=== BRIEF ===
Every line from the one with "Since it does" through the final line of the data below goes in the answer, copied exactly. Pictures do not.

=== DATASET CONTENT ===
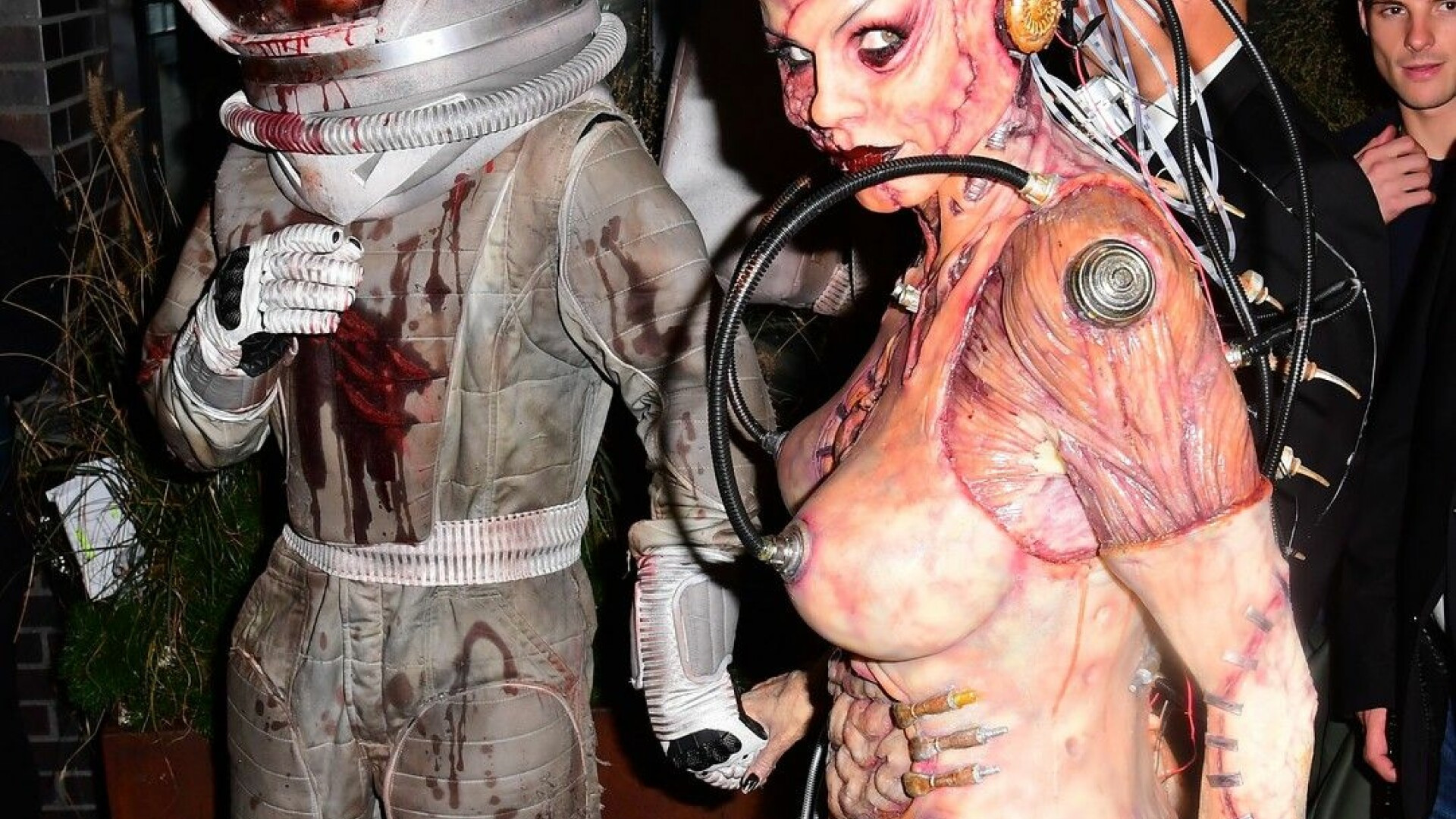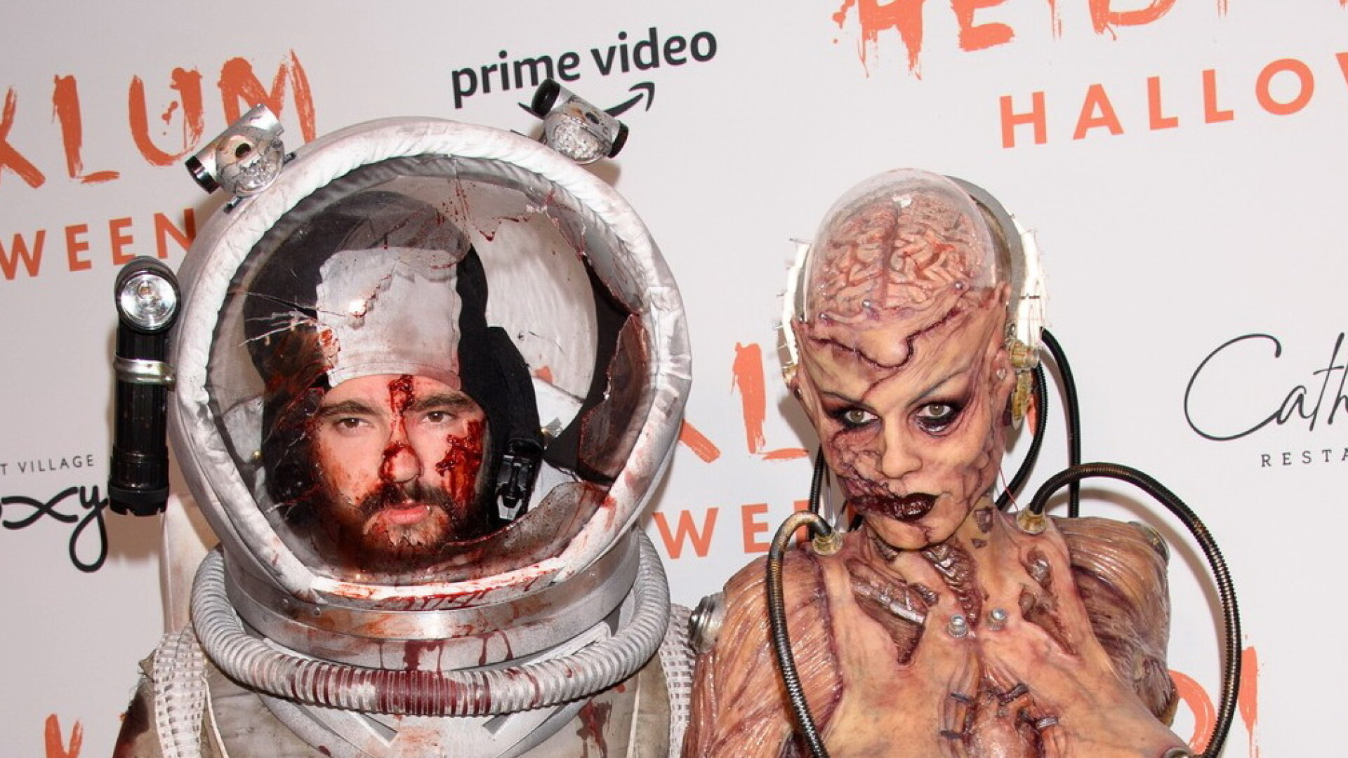 Klum a ajuns la petrecerea de Halloween în cursul nopţii, însoţită de soţul său, Tom Kaulitz, costumat într-un astronaut plin de sânge, conform Mashable.
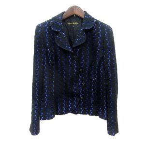 タケオニシダ TAKEO NISHIDA テーラードジャケット ニット 総裏地 11 L 黒 ブラック 青紫 パープル /MN レディース
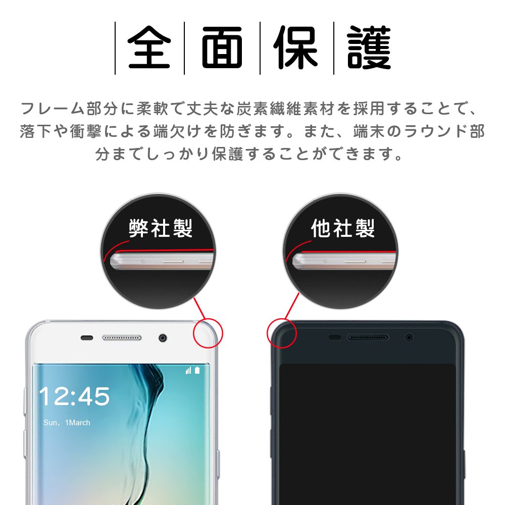 Since it does not cover the curved part of Galaxy, it may crack or be scratched, fingers touch the curved surface of the glass and the operability is poor.
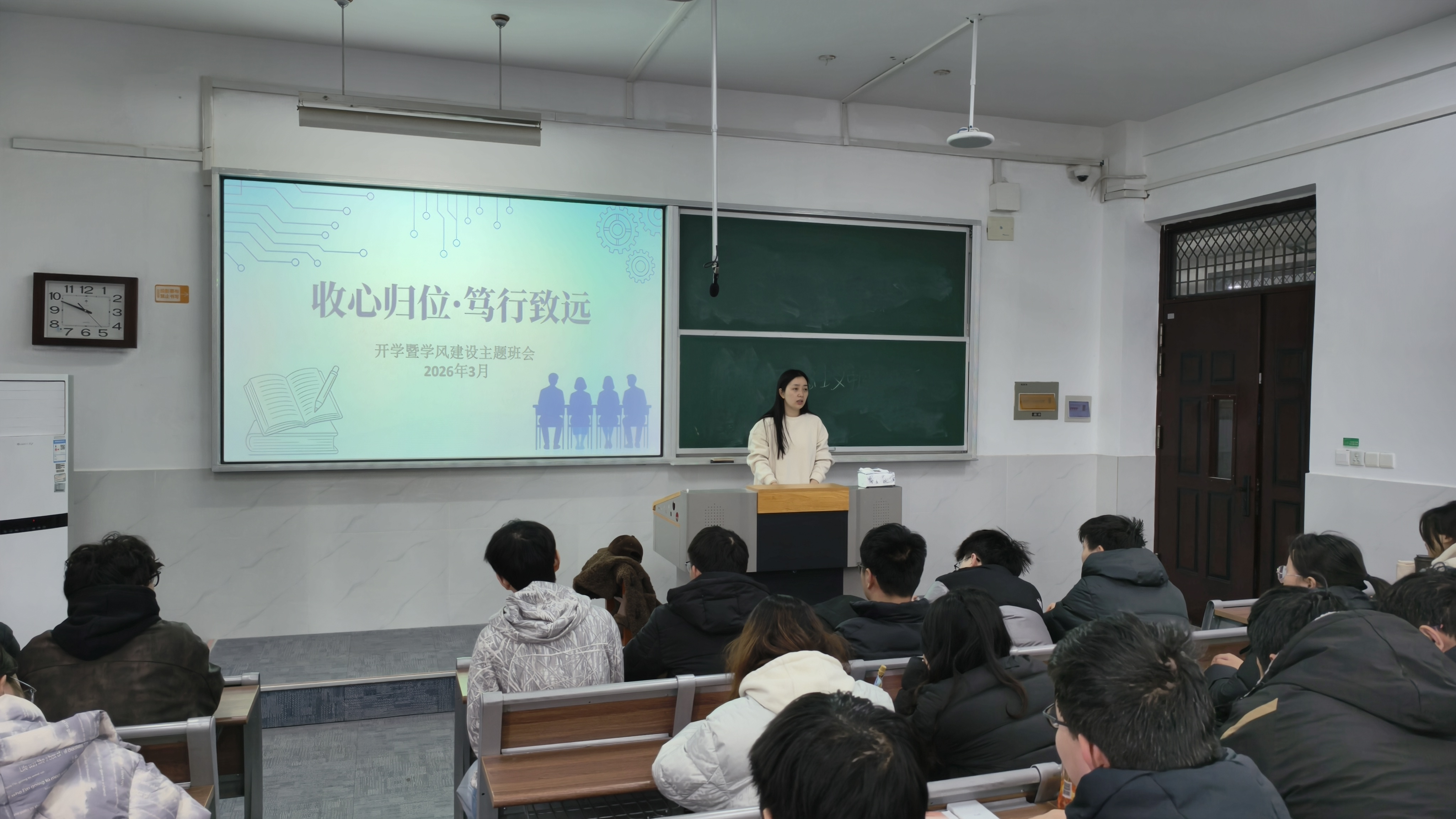大二年级聚焦学风夯实与习惯养成核心目标,围绕课堂礼仪规范、日常纪律要求、专业基础筑牢三大维度开展主题班会。班会明确课堂“手机入袋”、课前十分钟到班就位等要求,着力营造专注高效的课堂氛围。辅导员结合大二上学期学业数据,通报学科挂科情况,督促重修学生紧抓备考;同时聚焦专业能力培养,强调电路基础、单片机等核心课程的学习重点,要求学生扎实完成实验实操环节,稳步筑牢专业基础根基。

=== RESPONSE TO THIS EXERCISE ===
 Since it does not cover the curved part of Galaxy, it may crack or be scratched, fingers touch the curved surface of the glass and the operability is poor.
大二年级聚焦学风夯实与习惯养成核心目标,围绕课堂礼仪规范、日常纪律要求、专业基础筑牢三大维度开展主题班会。班会明确课堂“手机入袋”、课前十分钟到班就位等要求,着力营造专注高效的课堂氛围。辅导员结合大二上学期学业数据,通报学科挂科情况,督促重修学生紧抓备考;同时聚焦专业能力培养,强调电路基础、单片机等核心课程的学习重点,要求学生扎实完成实验实操环节,稳步筑牢专业基础根基。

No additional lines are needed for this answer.